Task:
Reproduce exactly the lines of this material that begin at the line with "良いお天気の中、子どもたちの" and end at the line with "Characterized by pure", both included. Omit the pictures and everything else.

---------- Input material

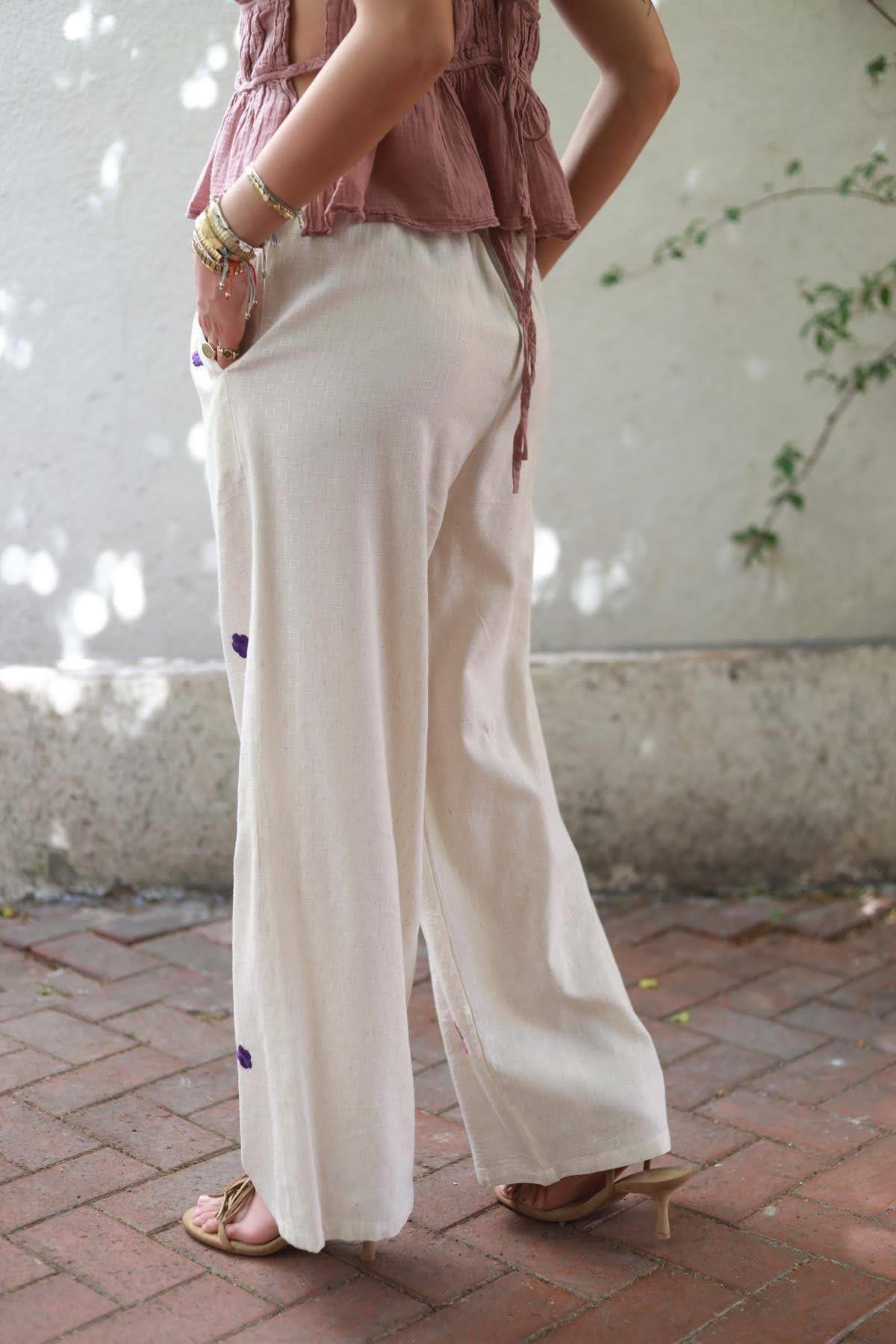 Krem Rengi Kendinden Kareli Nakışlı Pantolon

--------------------
---------- Input material

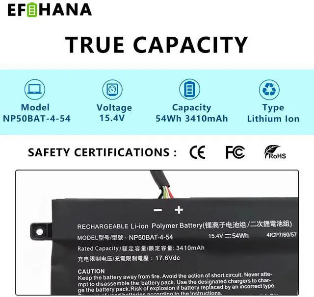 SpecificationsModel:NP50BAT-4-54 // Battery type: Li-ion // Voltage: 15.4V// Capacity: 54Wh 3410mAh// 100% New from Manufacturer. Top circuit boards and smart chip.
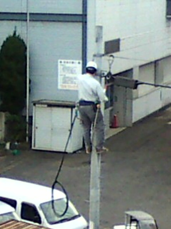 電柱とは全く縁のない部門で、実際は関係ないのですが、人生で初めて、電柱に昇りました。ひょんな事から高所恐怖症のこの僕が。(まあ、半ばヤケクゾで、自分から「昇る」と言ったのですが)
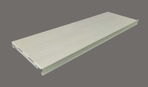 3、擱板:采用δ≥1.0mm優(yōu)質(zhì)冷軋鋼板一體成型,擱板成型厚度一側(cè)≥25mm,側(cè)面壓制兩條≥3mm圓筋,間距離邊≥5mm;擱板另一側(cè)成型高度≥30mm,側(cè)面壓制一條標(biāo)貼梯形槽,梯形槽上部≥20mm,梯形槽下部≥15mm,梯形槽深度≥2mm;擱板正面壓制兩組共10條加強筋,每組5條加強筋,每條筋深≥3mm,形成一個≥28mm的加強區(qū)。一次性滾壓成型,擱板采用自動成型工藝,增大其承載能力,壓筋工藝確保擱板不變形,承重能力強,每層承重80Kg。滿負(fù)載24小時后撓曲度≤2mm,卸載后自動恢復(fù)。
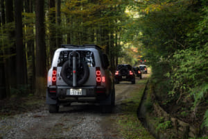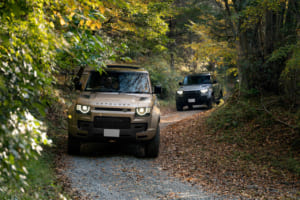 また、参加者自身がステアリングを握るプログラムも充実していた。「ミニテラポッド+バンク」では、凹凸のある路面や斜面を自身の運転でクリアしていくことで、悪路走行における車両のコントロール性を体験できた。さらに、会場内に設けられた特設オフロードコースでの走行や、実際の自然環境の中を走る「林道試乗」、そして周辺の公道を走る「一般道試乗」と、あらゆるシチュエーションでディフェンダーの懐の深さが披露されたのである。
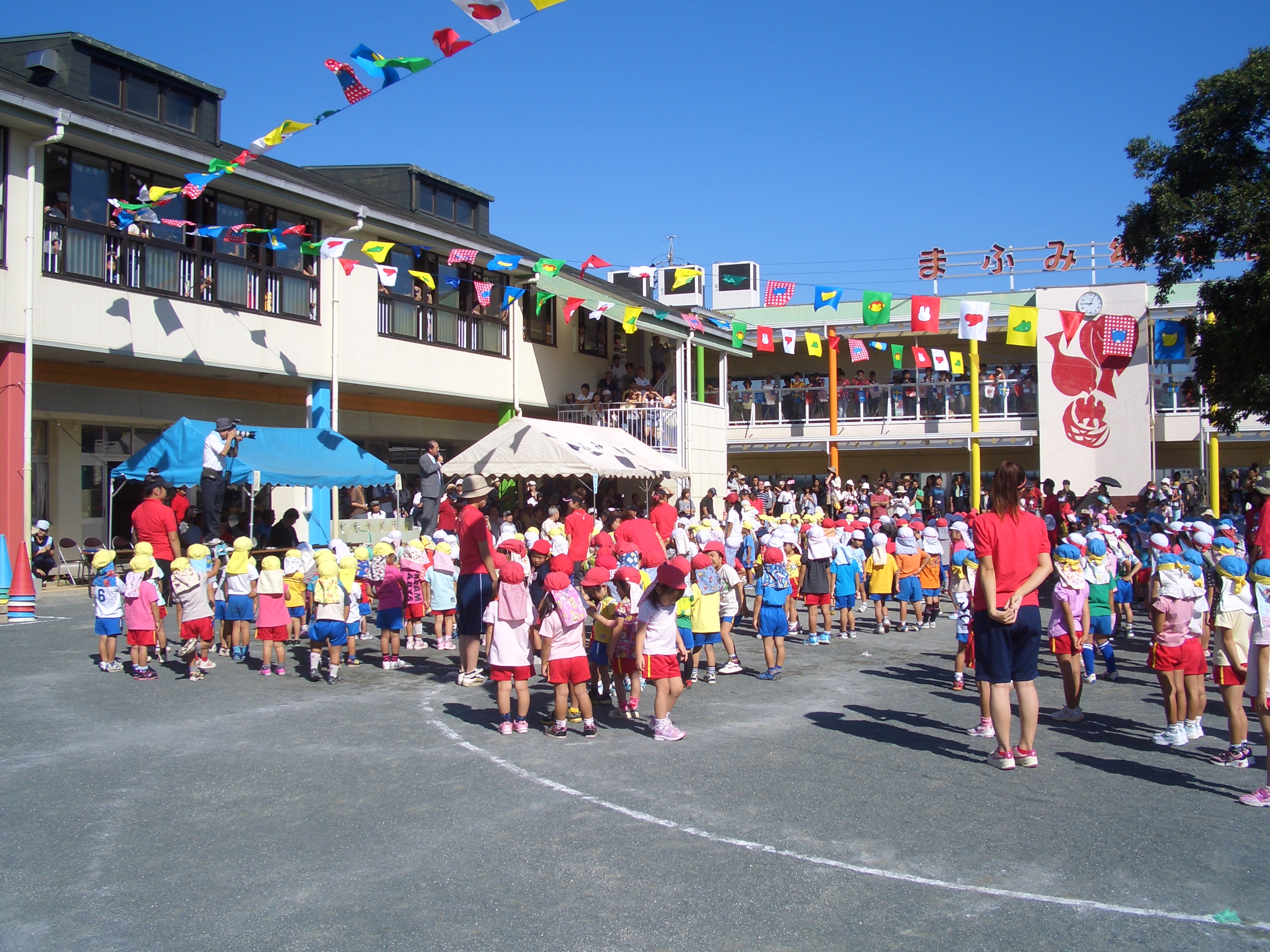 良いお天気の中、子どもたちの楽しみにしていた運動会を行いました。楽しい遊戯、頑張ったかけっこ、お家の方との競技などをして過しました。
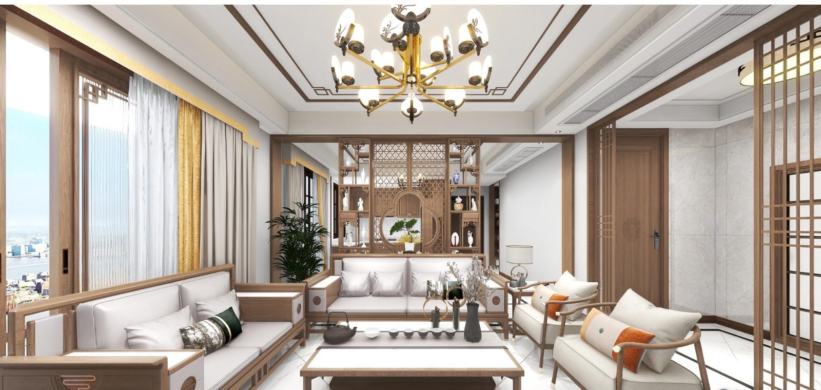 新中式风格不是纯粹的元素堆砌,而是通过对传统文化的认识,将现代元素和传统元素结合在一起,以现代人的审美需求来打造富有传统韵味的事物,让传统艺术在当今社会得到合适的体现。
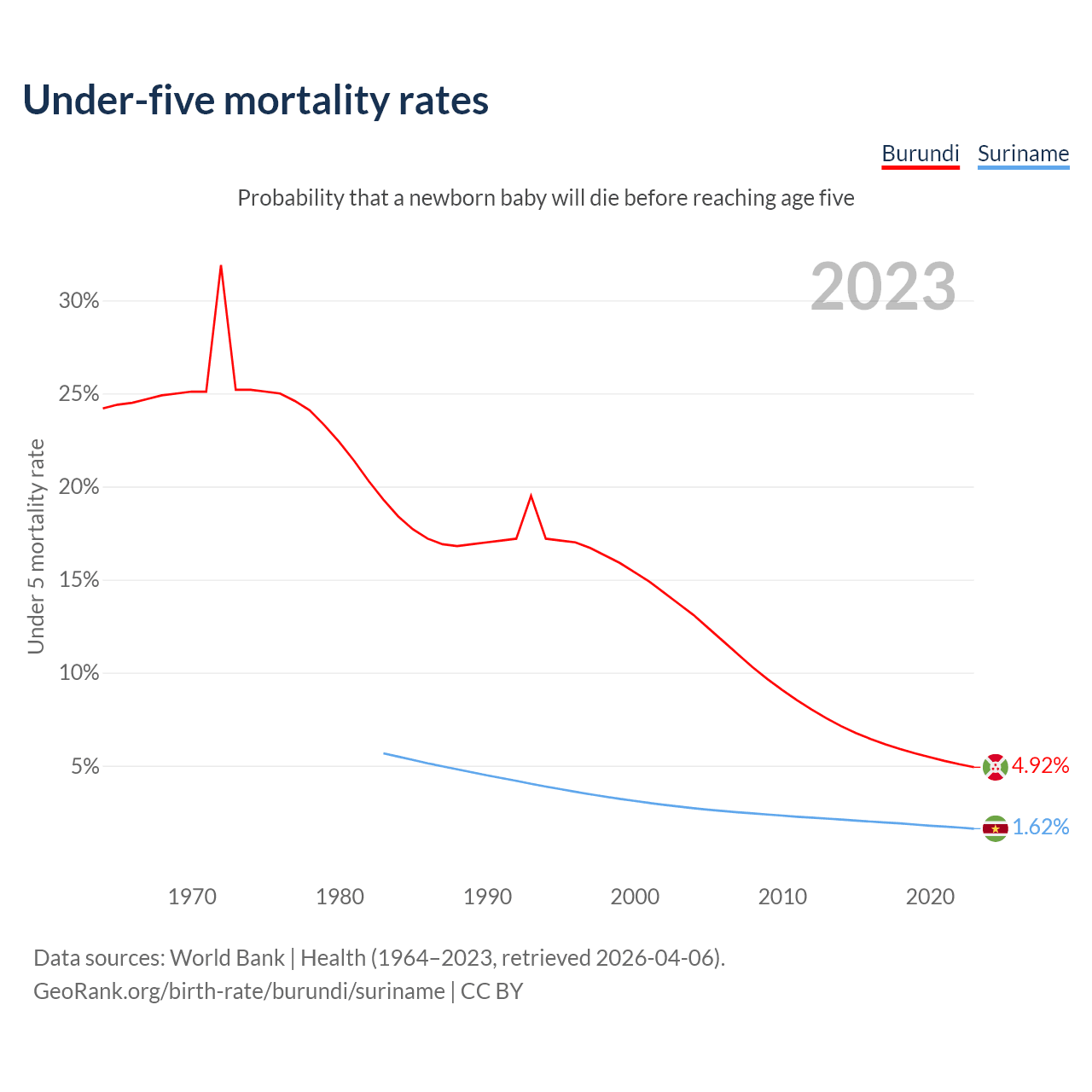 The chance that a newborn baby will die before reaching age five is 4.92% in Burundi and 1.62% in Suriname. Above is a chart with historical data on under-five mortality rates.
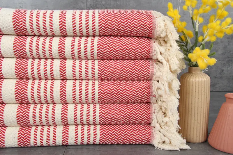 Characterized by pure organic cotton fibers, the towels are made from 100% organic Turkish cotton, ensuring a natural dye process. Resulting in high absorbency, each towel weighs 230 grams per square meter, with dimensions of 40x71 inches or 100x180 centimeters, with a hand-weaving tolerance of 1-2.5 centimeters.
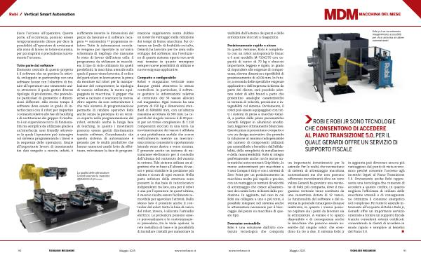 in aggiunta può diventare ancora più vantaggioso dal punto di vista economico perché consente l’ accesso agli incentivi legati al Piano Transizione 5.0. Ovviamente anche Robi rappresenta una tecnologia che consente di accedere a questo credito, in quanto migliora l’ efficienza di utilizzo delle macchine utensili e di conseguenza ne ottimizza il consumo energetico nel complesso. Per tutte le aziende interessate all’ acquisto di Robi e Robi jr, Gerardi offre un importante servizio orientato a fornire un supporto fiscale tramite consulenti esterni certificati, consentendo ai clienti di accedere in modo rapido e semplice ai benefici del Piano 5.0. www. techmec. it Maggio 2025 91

--------------------
---------- Input material

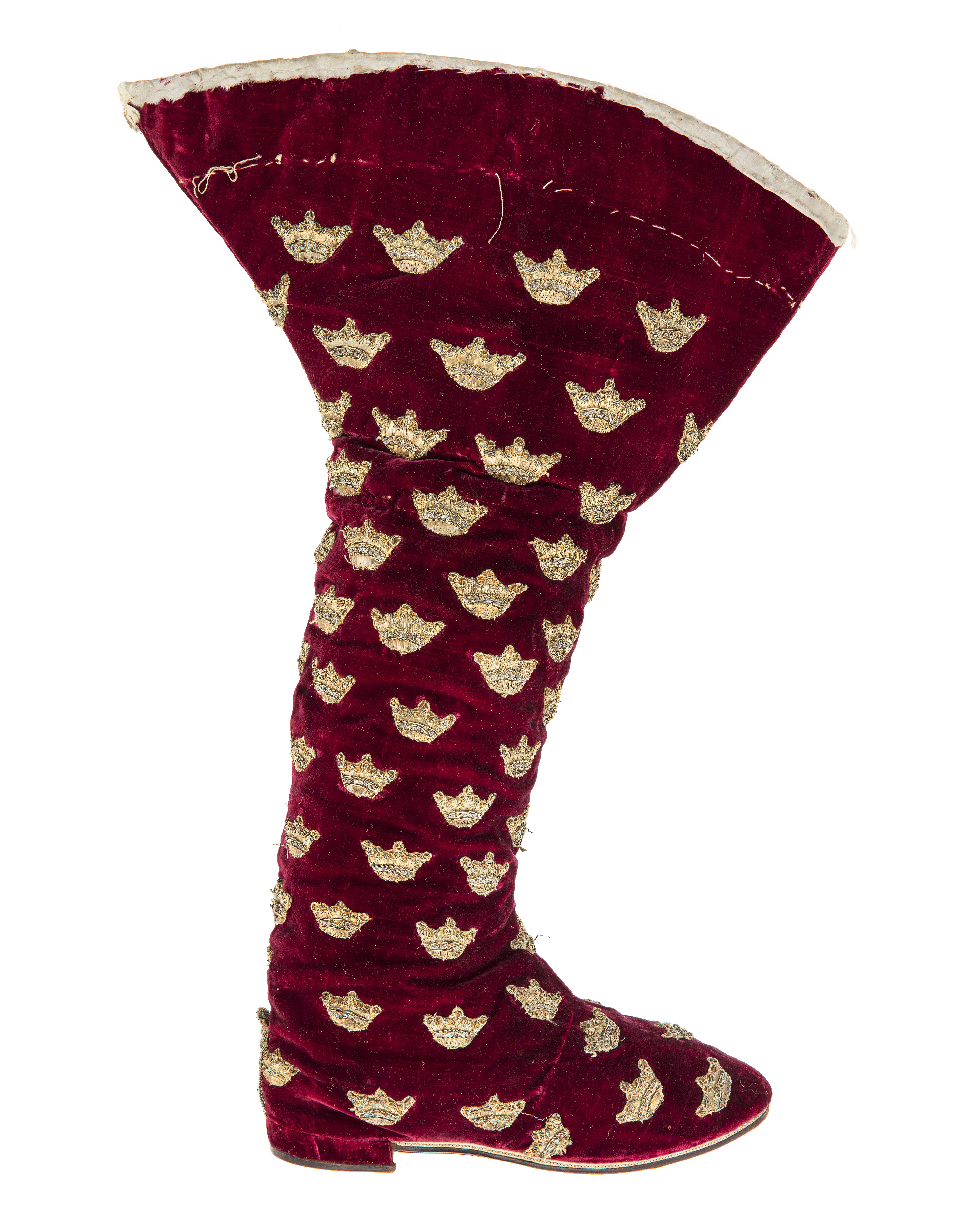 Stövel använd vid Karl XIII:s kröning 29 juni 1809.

--------------------

Response:
 良いお天気の中、子どもたちの楽しみにしていた運動会を行いました。楽しい遊戯、頑張ったかけっこ、お家の方との競技などをして過しました。
 新中式风格不是纯粹的元素堆砌,而是通过对传统文化的认识,将现代元素和传统元素结合在一起,以现代人的审美需求来打造富有传统韵味的事物,让传统艺术在当今社会得到合适的体现。
 The chance that a newborn baby will die before reaching age five is 4.92% in Burundi and 1.62% in Suriname. Above is a chart with historical data on under-five mortality rates.
 Characterized by pure organic cotton fibers, the towels are made from 100% organic Turkish cotton, ensuring a natural dye process. Resulting in high absorbency, each towel weighs 230 grams per square meter, with dimensions of 40x71 inches or 100x180 centimeters, with a hand-weaving tolerance of 1-2.5 centimeters.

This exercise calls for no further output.